Abstract
INTELLIGENCE ARTIFICIELLE ET INTERPRETATION
Séance du 20 mai 2016, enregistrée au Centre Pompidou (Salle Triangle)
Le 14 novembre 1716, il y a bientôt trois cent ans, mourrait le précurseur de l’intelligence artificielle, qui écrivait : « Les plus importantes pratiques, les plus importants tours de main, dans toutes sortes de métiers et d’artisanats, demeurent encore non écrits. C’est là un fait d’expérience, qui est prouvé chaque fois que nous passons de la théorie à la pratique, quand nous désirons réaliser quelque chose. Naturellement, nous pourrons aussi formuler par écrit cette pratique, puisqu’elle n’est au fond qu’encore une théorie, plus particulière et plus complexe… » (Leibniz, « Zur allgemeinen Charakteristik », in Hauptschriften zur Grundlegung der Philosophie, Philosophische Werke, Band 1, Verlag von Felix Meiner, Hamburg, 1966, p. 30-38. Cité par Hubert L. Dreyfus dans Intelligence artificielle. Mythes et limites, Paris, Flammarion, 1984, p. 6-7.). Il y a bientôt soixante ans, à l’été 1956, naissait sur le campus de Dartmouth College l’intelligence artificielle. Le 24 janvier 2016, mourrait Marvin Minsky, son père fondateur. Le 4 février 2016, le Collège de France inaugurait sa première chaire en intelligence artificielle, lors de la leçon inaugurale de Yann LeCun sur l’apprentissage profond (deep learning). Le 13 mars 2016, AlphaGo, le programme de Google DeepMind, remportait la victoire sur Lee Sedol, alors positionné au troisième rang du classement mondial des joueurs de go.
Inutile de poursuivre l’énumération des symptômes d’une mutation en marche : « Il n’est pas difficile de voir, au demeurant, que notre époque est une époque de naissance et de passage à une nouvelle période. L’esprit a rompu avec le monde où son existence et sa représentation se tenaient jusqu’alors ; il est sur le point de les faire sombrer dans les profondeurs du passé, et dans le travail de sa reconfiguration. (…) L’esprit en formation mûrit lentement et silencieusement en direction de sa nouvelle figure, détache morceau après morceau de l’édifice de son monde antérieur, et seuls quelques symptômes isolés signalent que ce monde est en train de vaciller ; la frivolité, ainsi que l’ennui, qui s’installent dans ce qui existe, le pressentiment vague et indéterminé de quelque chose d’inconnu, sont les prodromes de ce que quelque chose d’autre est en marche. Cet écaillement progressif, qui ne modifiait pas la physionomie du tout, est interrompu par la montée, l’éclair qui d’un seul coup met en place la conformation du nouveau monde. » (Hegel, Phénoménologie de l’esprit, traduction J.-P. Lefebvre, Préface, Paris, Aubier, 1991, p. 34).

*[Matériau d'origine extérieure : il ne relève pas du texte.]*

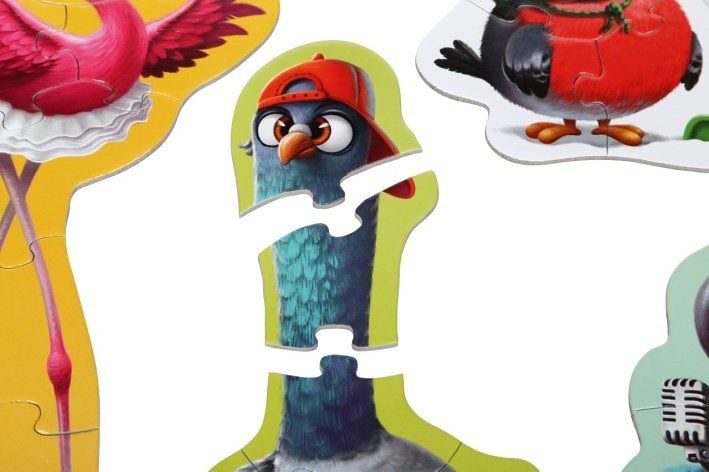 Puzzlika, nová značka puzzlů s moderním kreativním designem, přináší pro malé děti aktivní učení formou zábavné hry. Obrázkové puzzle Ptáci 5 v 1 obsahuje 25 velkých pevných puzzlů, ze kterých poskládáte 5 samostatných obrázků. Na každém obrázku je vždy vyobrazen roztomilý pták. Jednotlivé obrázky mají 4 až 7 dílků. Puzzle je skvělá hra pro malé děti, která u nich rozvíjí logické myšlení, představivost, kreativitu, jemnou motoriku a různé poznávací znalosti. Puzzle jsou vyrobeny z velice pevného vícevrstvého kartonu s lesklým povrchem. Karton byl vyroben z kvalitního, ekologicky pěstovaného dřeva. Puzzle je možné otřít vlhkým hadříkem. Nevhodné pro děti do 2 let. Vyrobeno v Evropě.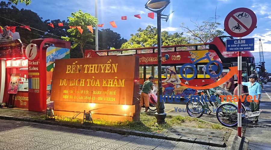 Du khách sẽ được chào đón nồng nhiệt tại bến thuyền Tòa Khâm, nơi bạn có thể diện những bộ đồ cổ phục Huế truyền thống để chụp ảnh và hòa mình vào không gian văn hóa đặc sắc (Du khách tự túc đến bến tòa Khâm).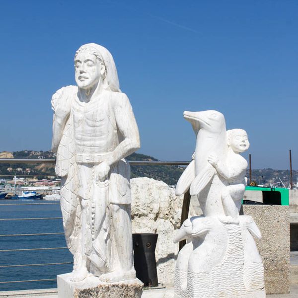 San Benedetto del Tronto(AP) - riviera delle palme: il lungo mare con le famose palme, il centro storico ed il pontile sud con il Museo d'arte sul mare, molti degli scogli che costeggiano il pontile sono scolpiti da vari artisti.

Qu’est-ce que l’intelligence artificielle ? Une science de la nature ? Une science appliquée ? Une ingénierie ? Après avoir : 1° présenté les trois grandes interprétations de ce que peut être l’intelligence artificielle comme discipline et de ce qu’elle peut faire ; 2° examiné les thèses explicites, les présupposés implicites et les fins qui déterminent les programmes de travail de ces trois approches ; nous montrerons 3 ° en quoi la méthodologie du programme de recherche mis en œuvre par Bruno Bachimont dans le cadre d’une pratique de l’ingénierie informatique, l’ingénierie des connaissances (ingénierie qui articule une phénoménologie de la connaissance à une épistémologie de son support) est le programme de recherche le plus pertinent pour penser de manière productive le rapport de l’intelligence artificielle à la question de l’interprétation
Fabien Ferri est ingénieur d’études en analyse de sources au sein du laboratoire de recherches philosophiques Logiques de l’agir (EA 2274) de l’Université de Franche-Comté, et actuellement doctorant à l’Université de Technologie de Compiègne sous la direction de Bruno Bachimont au sein de l’équipe CRED (Cognitive Research and Enaction Design) du laboratoire Costech (EA 2223). Son travail de recherche relève de l’épistémologie du support et de la philosophie des pratiques savantes. Il vise : 1° à poser à nouveaux frais la question herméneutique ainsi que celle de la non-neutralité du support de conservation du savoir en pensant la genèse technique des technologies intellectuelles et les conséquences induites par la mutation des structures matérielles du savoir sur l’émergence de nouvelles catégories de pensée ; 2° à articuler cette philosophie de la culture à une philosophie de la nature à la fois évolutive, sémiotique et dynamique ; 3° à élaborer sur cette base une ontologie pratique et critique et une épistémologie historique des opérations génétiques nommée diagrammatologie.